Poster/Background: 4/5
I love the poster; it does suit the mood of your story.
Forewords: 5/10
Your forewords just had a quick sentence and question then a whole list of characters. A summary, preview and maybe even a character description of each character would be great. It doesn’t have to be long, just so the readers can understand each character beforehand. You lacked quite a lot of things in your forewords and also had a grammar mistake in your sentence.
Plot: 13/15
All I have to say is that it’s a cliché plot. The girl living with the guys, then falling in love. I have read many similar stories out there like this. A suggestion is just turning and twisting the plot so that it’s more exciting unlike the old cliché plots.
Originality: 17/20
As I said, it’s not really original. You should just ramble your brain for thoughts that will help you story improve. Even adding little things of your own is good; little things may seem like not much but if you add them together, they really do help.

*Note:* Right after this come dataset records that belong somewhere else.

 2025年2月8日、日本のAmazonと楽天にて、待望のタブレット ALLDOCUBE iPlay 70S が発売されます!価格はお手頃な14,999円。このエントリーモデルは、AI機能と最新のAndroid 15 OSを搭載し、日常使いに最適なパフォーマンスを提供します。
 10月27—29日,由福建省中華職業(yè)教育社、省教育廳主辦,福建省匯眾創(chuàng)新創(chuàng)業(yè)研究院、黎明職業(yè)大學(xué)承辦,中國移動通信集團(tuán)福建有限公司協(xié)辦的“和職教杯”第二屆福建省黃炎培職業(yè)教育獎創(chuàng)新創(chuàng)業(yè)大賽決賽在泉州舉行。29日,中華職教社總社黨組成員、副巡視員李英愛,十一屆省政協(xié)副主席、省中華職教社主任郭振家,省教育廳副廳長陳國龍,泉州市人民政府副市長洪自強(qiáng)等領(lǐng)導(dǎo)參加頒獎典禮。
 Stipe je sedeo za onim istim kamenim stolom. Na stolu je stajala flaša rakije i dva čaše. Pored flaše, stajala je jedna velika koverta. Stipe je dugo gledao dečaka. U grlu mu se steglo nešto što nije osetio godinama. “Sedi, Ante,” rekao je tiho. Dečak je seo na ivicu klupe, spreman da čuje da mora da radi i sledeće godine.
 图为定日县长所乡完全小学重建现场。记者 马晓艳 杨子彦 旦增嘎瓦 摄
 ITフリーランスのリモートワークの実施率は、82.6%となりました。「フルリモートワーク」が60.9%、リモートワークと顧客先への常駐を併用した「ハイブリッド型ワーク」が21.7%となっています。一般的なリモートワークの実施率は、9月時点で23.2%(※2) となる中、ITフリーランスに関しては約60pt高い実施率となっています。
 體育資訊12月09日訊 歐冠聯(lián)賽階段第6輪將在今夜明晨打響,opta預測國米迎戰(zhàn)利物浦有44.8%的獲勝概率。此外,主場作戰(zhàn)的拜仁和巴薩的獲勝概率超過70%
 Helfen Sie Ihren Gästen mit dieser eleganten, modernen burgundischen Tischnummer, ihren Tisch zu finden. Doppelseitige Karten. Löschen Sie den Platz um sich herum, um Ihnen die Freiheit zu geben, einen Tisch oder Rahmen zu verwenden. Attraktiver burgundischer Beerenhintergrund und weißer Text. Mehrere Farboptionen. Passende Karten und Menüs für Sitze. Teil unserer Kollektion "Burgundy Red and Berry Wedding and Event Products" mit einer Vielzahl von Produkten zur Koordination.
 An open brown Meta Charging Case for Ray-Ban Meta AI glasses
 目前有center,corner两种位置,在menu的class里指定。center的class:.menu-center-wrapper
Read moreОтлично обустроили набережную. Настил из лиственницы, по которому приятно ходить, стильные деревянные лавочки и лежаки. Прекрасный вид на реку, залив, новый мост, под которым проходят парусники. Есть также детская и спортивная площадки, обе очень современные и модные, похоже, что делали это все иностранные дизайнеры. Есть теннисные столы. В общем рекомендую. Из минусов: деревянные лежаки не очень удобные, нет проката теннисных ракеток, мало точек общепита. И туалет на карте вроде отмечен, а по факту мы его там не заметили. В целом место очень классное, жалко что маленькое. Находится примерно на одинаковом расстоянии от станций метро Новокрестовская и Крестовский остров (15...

Grammar/Spelling/Punctuation/Vocabulary: 12/15
There were a few mistakes and errors here and there. There wasn’t many spelling mistakes but there were a few grammar mistakes often appearing. You need to read over your story or even get a friend to re-read/check for mistakes. I really think you can use a large range of words than you have used. A few mistakes are:
“Ofcourse”
Correct: Of course
"Your welcome..I hope you'd enjoy with them.”
Correct: “You’re welcome. I hope you’ll enjoy it with them”
“Me and my members are now at the house.”
Correct: “My members and I are now at the house.”
I said with the most loud voice.
Correct: I said with a loud voice.
Detail: 4/5
You had not a lot of detail and characterization but just enough for a normal story. You need to be more descriptive with the characters and also things that happen in the story.
Writing Style: 8/10
Your writing style is okay. It’s understandable although it could be improved. Overall, it’s good. Just keep writing because practice helps. Practise makes perfect ;]
Overall Enjoyment: 8/10
Bonus: 4/5
Total: 77/100
I’m a pretty strict reviewer so don’t get let down! Remember, practice makes perfect J Just keep on writing and writing! Thanks for requesting at Shredded Hearts!